Any Ideas???  I can provide any more info if this isn't enough.

Thanks in advance!


----------



## phantomofrussia

i am not exactly sure but it could be that the router is not able to handle the 3 or more computers at a time. try using only two computers or just one and see if you are having any problems.


----------



## garylai

phantomofrussia said:


> i am not exactly sure but it could be that the router is not able to handle the 3 or more computers at a time. try using only two computers or just one and see if you are having any problems.



I thought that too, but it will do it with only 1 computer.  There are times when I leave the house with my computer, and no one else is home except for my wife and she will call me to tell me the connection is down again.  She will then reset the router and then her computer works like magic again.


----------



## phantomofrussia

could it be that your modem is old and needs to be replaced.


----------



## garylai

phantomofrussia said:


> could it be that your modem is old and needs to be replaced.
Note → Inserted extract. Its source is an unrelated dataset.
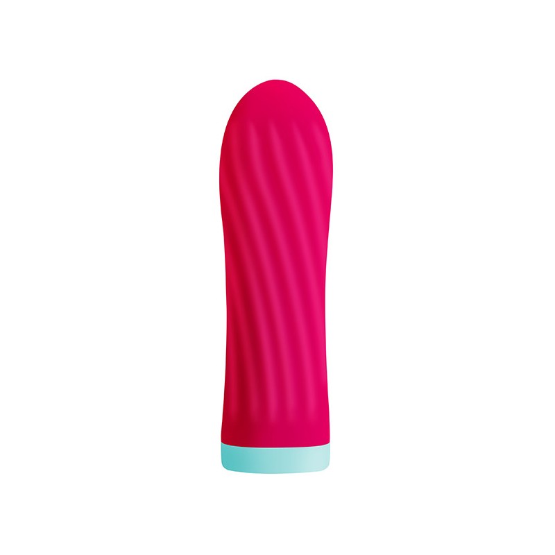 Twist & Shout es una bala vibradora de color cereza que está fabricada con silicona médica. Su eje recto está rodeado de pequeñas estrías diseñadas para una mayor estimulación en zonas erógenas externas como clítoris, testículos, pezones, etc.

I don't know...it is doing the same thing that the old one did.  I am going to upgrade it with a new one, but if it does the same thing, I'll be back where I started.  
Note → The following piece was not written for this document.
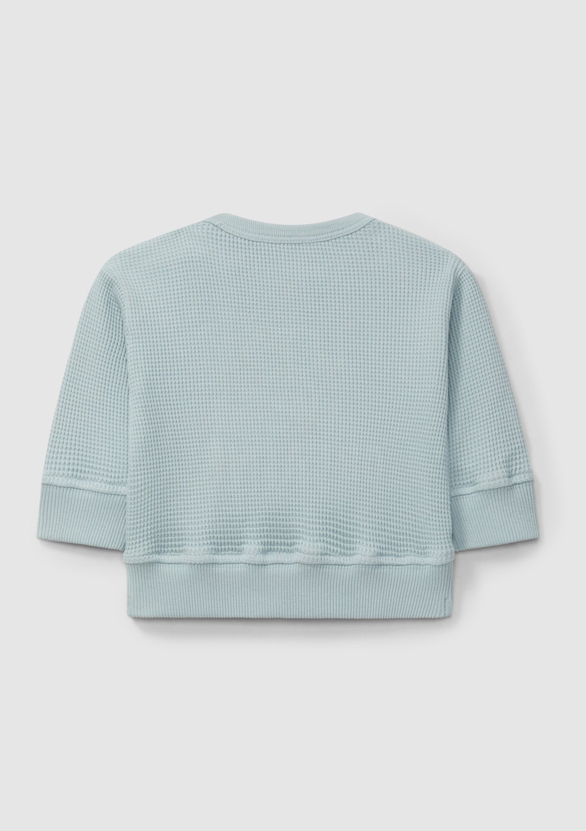 Sweater in 100% organic cotton waffle weave with "Let s be creative" embroidery. Fastens with wooden buttons on the shoulder.

Is it possible that syncronizing different computers with the server will cause any issues???


----------



## phantomofrussia

i dont think it should. but as you can see i am guessing. hopefully somebody more knowledgable will come by and help out.


----------



## DeskAssist

garylai said:


> New to the forum, any help is appreciated.
> 
> I have a Netgear WGR614v6 wireless router.
> 
> There are 6 computers (notebooks) using the wireless side, and 2 desktops wired directly to the router.
> 
> Not all of the computers are on at the same time, maybe 3 at any given time.
> 
> The problem is this: For some time now the router will stop giving a connection.  This is to the wireless notebooks and the desktops wired directly.  For no aparent reason none of the computers will be able to connect.  The signal strength on the notebooks shows excellent, but no connection.
> 
> We then have to reset the router, or power it down, and wait about 10 seconds, and then we have normal connection again.  This is a newer router...we replaced a LinkSys that we had because it was doing the same thing.  Now it seems that it isn't a problem with the router???
> 
> Any Ideas???  I can provide any more info if this isn't enough.
> 
> Thanks in advance!



I've experienced similar problems before. The line that the router is connected to will have an ADSL filter attached? 
Is this the master socket or an extension from another line? 

You may need to add another ADSL filter onto the main line if that is the case of course? 

It's strange why it would happen with two completly different routers is the line of good quality? Steve


----------



## garylai

DeskAssist said:


> I've experienced similar problems before. The line that the router is connected to will have an ADSL filter attached?
> Is this the master socket or an extension from another line?
> 
> You may need to add another ADSL filter onto the main line if that is the case of course?
> 
> It's strange why it would happen with two completly different routers is the line of good quality? Steve



ADSL....a little over my head, not sure what that is.

As for the connection; Comcast cable modem to wireless Router, Router to D-Link 8-port switch, switch to desktop.  The rest of the computers are wirelessly connected.


----------



## lawson_jl

I would say replace the router.  It's obviously what causing the issue.  My first piece of advice would be to reset the router back to factory settings if you haven't already.


----------